Charlie Munger’s quote, “Show me the incentives — and I’ll show you the outcome,” encapsulates the essence of inculcating the growth mindset within the organizational DNA.
Many times businesses fail or are unable to reach their maximum potential as they are busy chasing sub-optimum metrics. Particularly in case of start-ups the North Star Metric happens to be Valuation.
Let’s explore the ideology behind the reward metrics and why misalignments in this metric can contribute to business failures, highlighting the principal-agent problem.
Principal — Agent Conflict
The principal represents the shareholders or investors, while the agent represents the employees or founders of the business.
The conflict arises when the agents’ interests diverge from those of the principals, leading to inefficiencies and suboptimal decisions.
The incentive system is like a video game designed to reward long-term thinking and combat fatigue.
Warren Buffett and Charlie Munger famously emphasized the significance of incentives in driving outcomes. They understood that the principal-agent problem lies at the heart of many organizational challenges.
Buffett & Munger looked to create an incentive model so that every agent in the business was rewarded for thinking like the principal. If incentives are not aligned with the overall goals of the business, the results can be counterproductive. This is where the concept of inversion becomes crucial.
Incentive schemes must be designed intelligently to avoid magnifying the principal-agent problem.
Inversion
“You get what you reward for. If you have a dumb incentive, you get dumb outcomes” — Charlie Munger.

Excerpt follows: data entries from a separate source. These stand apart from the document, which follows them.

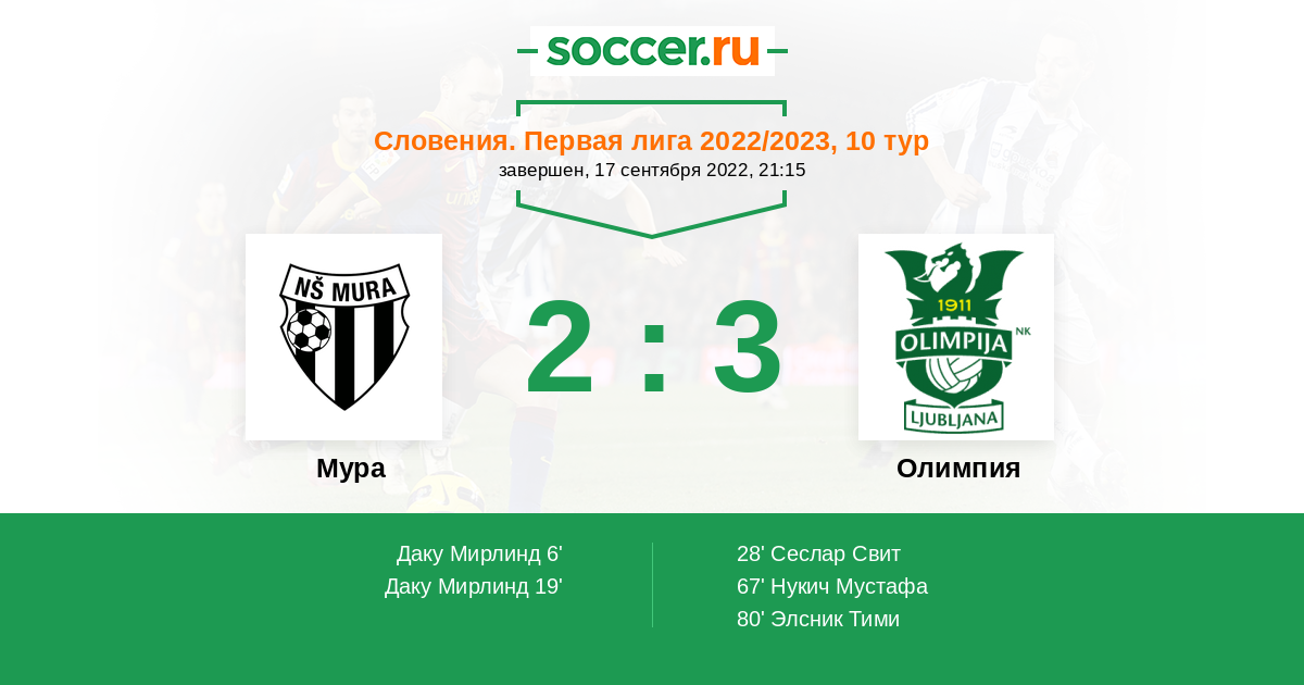 Словения. Первая Лига 17.07.2022 Олимпия Логотип футбольный клуб Олимпия (Любляна) 2:0 Логотип футбольный клуб Мура (Мурска Собота) Мура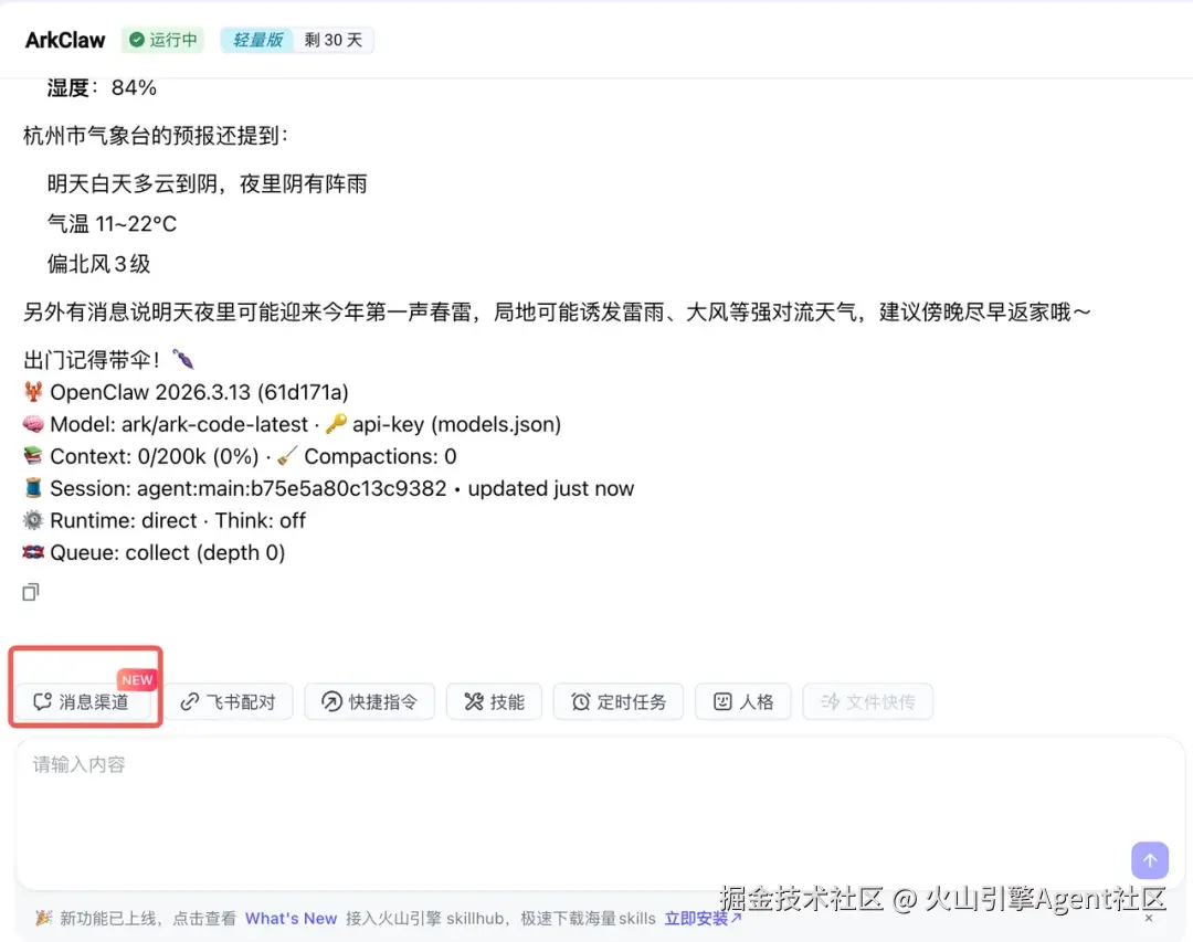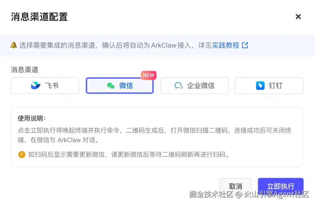 - 请登录火山引擎控制台 (历史在方舟体验中心订阅Coding Plan 赠送的 ArkClaw 需进入该产品入口链接体验新功能),选择 ArkClaw 配置消息渠道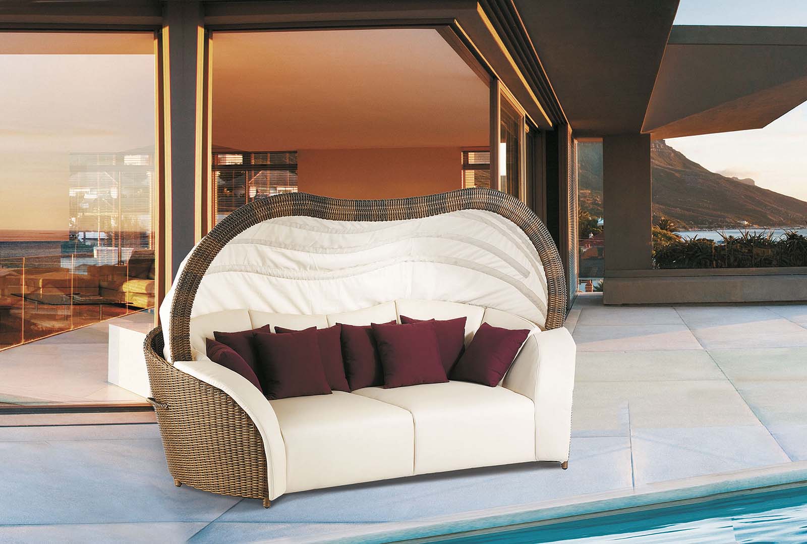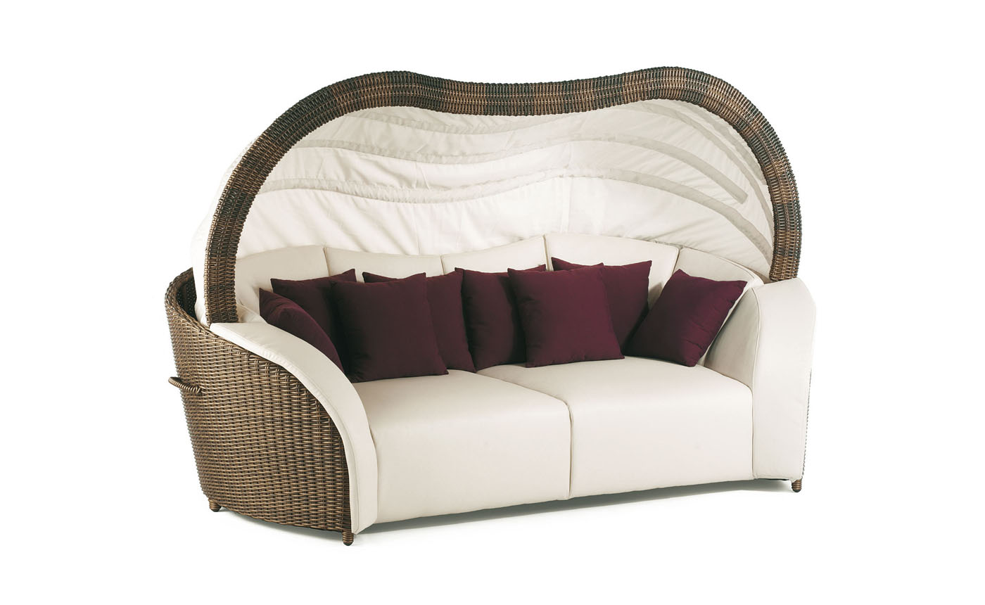 A LUXOR 3 személyes nagy kanapéjával trópusi hangulatot teremthetünk teraszunkon. A lehajtható tető a kanapén pihenőket óvja a naptól és a csepergő esőtől is. Ezen a kényelmes hatalmas kuckózós kanapén a pihenés igazán luxor érzés.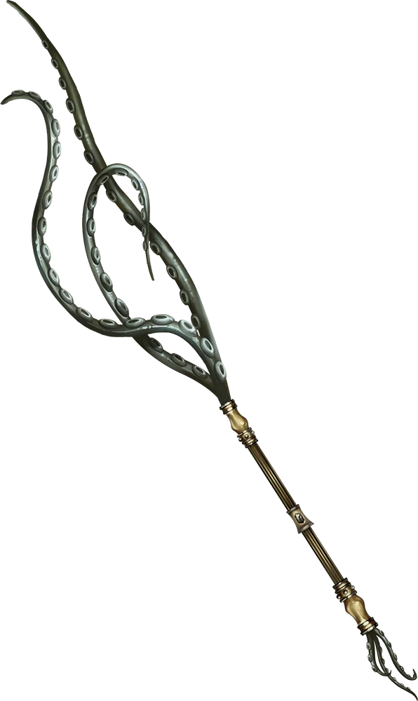 Made by the drow, this rod is a magic weapon that ends in three rubbery tentacles. While holding the rod, you can use an action to direct each tentacle to attack a creature you can see within 15 feet of you. Each tentacle makes a melee attack roll with a +9 bonus. On a hit, the tentacle deals 1d6 bludgeoning damage. If you hit a target with all three tentacles, it must make a DC 15 Constitution saving throw. On a failure, the creature’s speed is halved, it has disadvantage on Dexterity saving throws, and it can’t use reactions for 1 minute. Moreover, on each of its turns, it can take either an action or a bonus action, but not both. At the end of each of its turns, it can repeat the saving throw, ending the effect on itself on a success.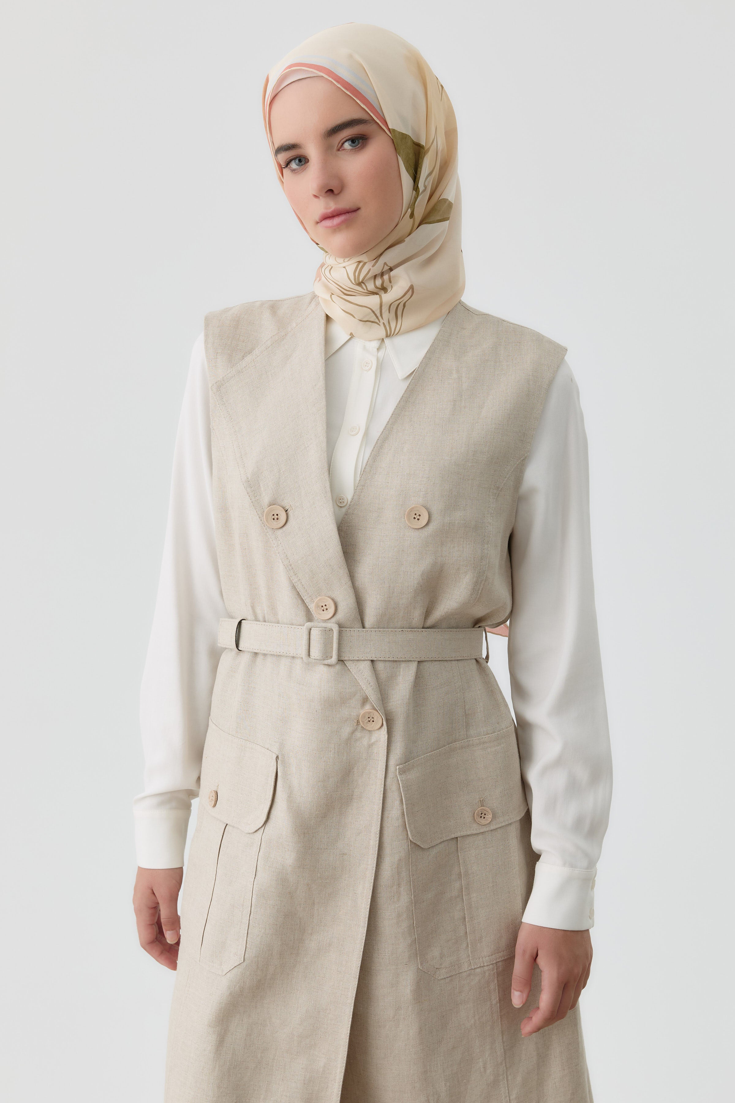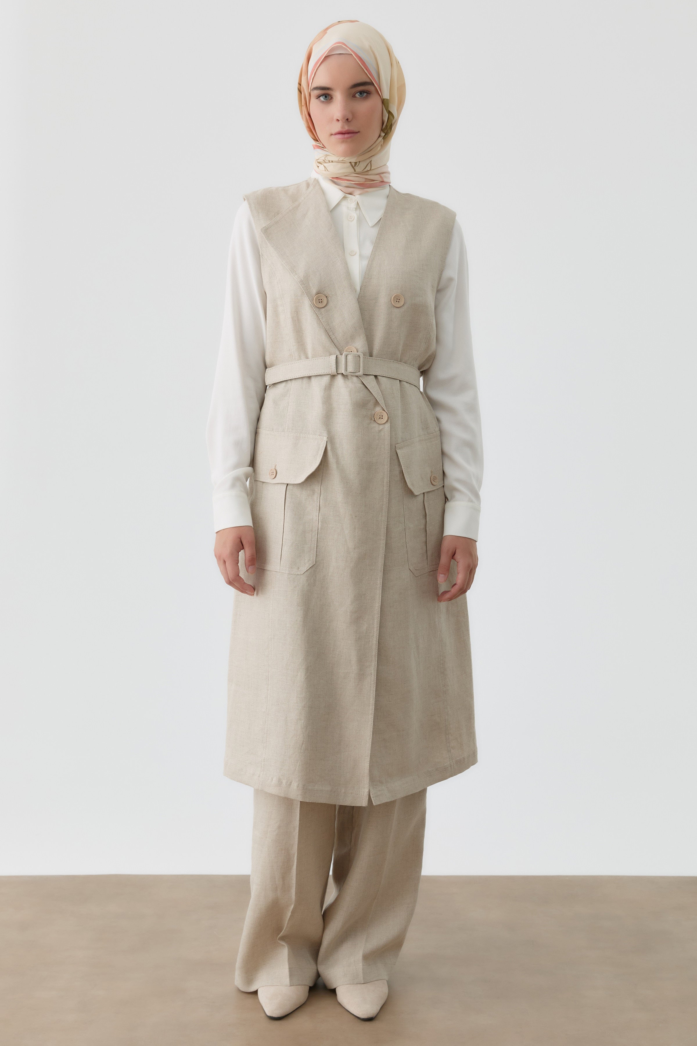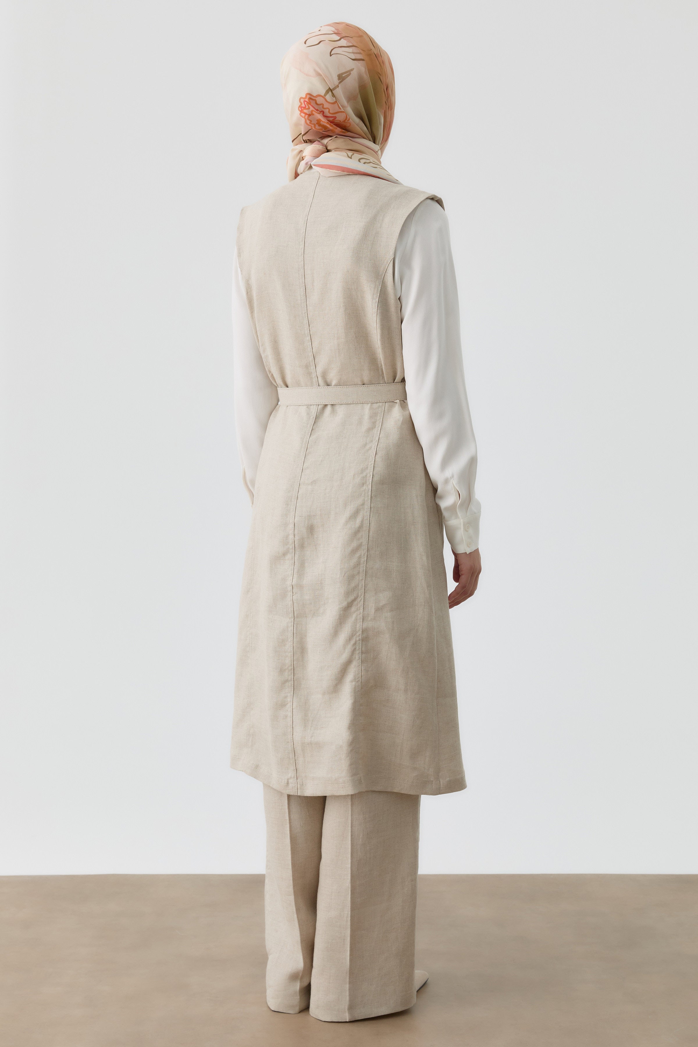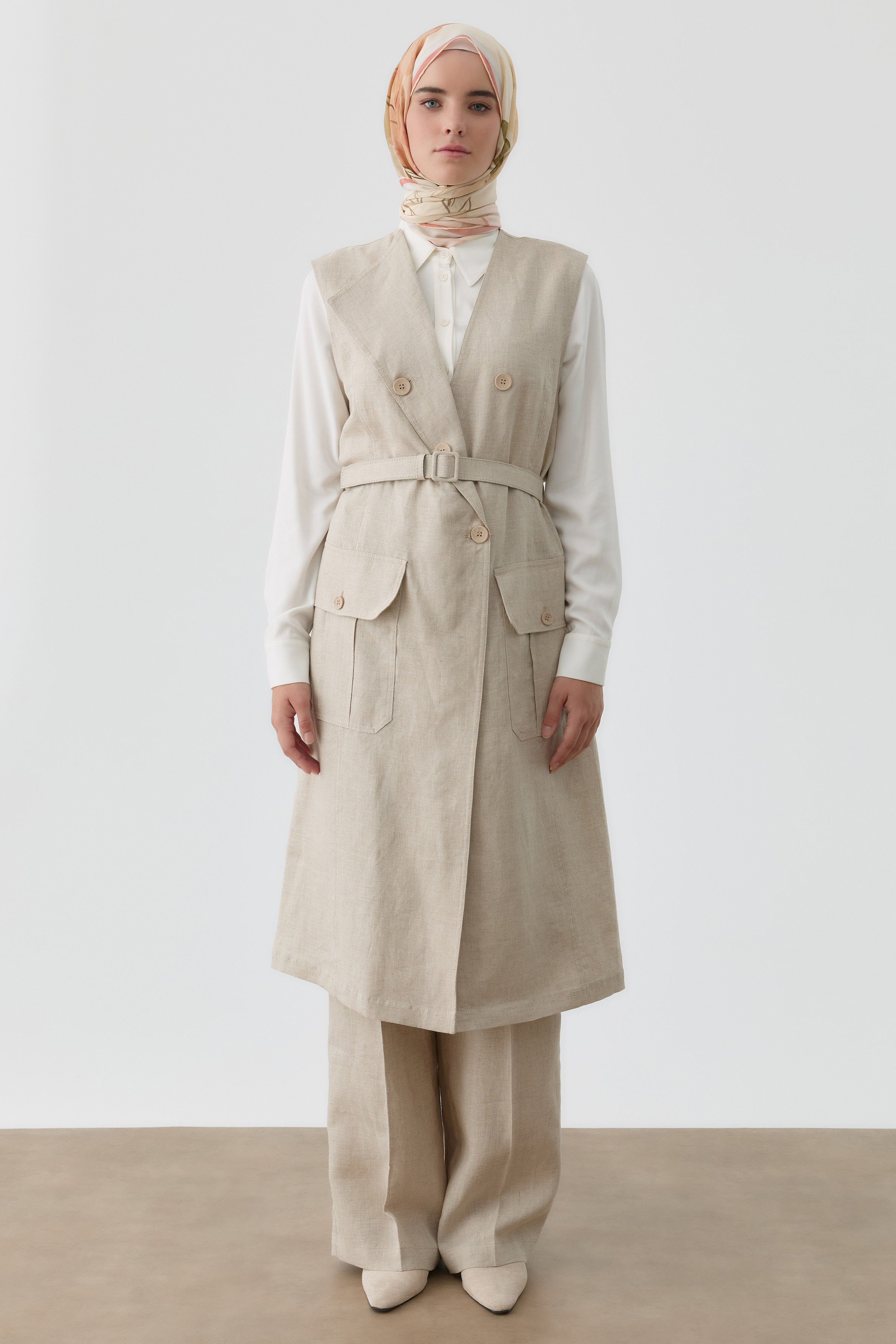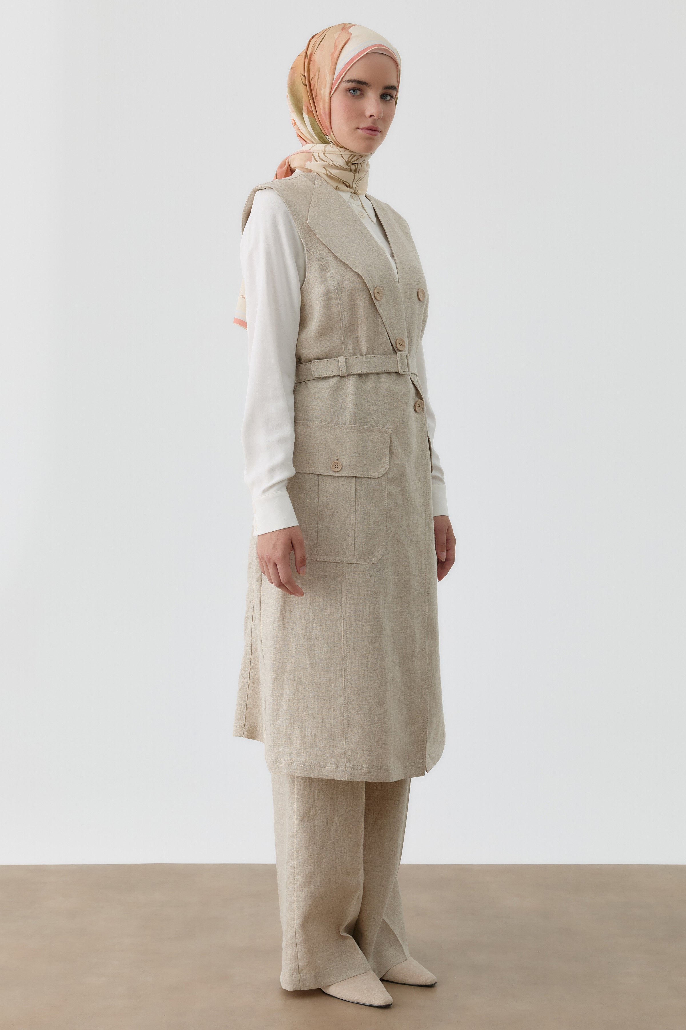 Chaleco con cinturón y hebilla metálica lateral - Beige

Having a bad incentive scheme is worse than having no incentive scheme.
Consider the case of FedEx, which initially paid employees by the hour, leading to a lack of urgency and poor service delivery.
This example underscores Munger’s point about the impact of incentives on outcomes.
At companies like GEICO, they focused on just two variables: new business (measured by the number of policies) and profit growth. This simplicity ensured that every employee could understand and align with the company’s objectives.
Businesses can learn from global examples like GEICO and FedEx and tailor their incentive structures accordingly.
Pairing Metrics
Another strategy to address the principal-agent problem is pairing metrics. If founders / employees are solely incentivized based on new business, they might pursue growth without considering long-term profitability. Conversely, a focus solely on profitability could lead to short-term gains at the expense of sustainable growth.
By combining growth-related metrics with profitability measures, founders and employees are encouraged to pursue sustainable growth strategies.
This alignment ensures that short-term gains do not come at the expense of long-term viability. Balancing these metrics aligns employee goals with shareholder interests, fostering a healthier organizational environment.
Indian startups have had instances where misaligned incentives have led to challenges. For instance, consider a startup that focuses excessively on rapid customer acquisition without considering long-term profitability. In such cases, the founders might prioritize short-term growth metrics to impress investors, leading to unsustainable business practices.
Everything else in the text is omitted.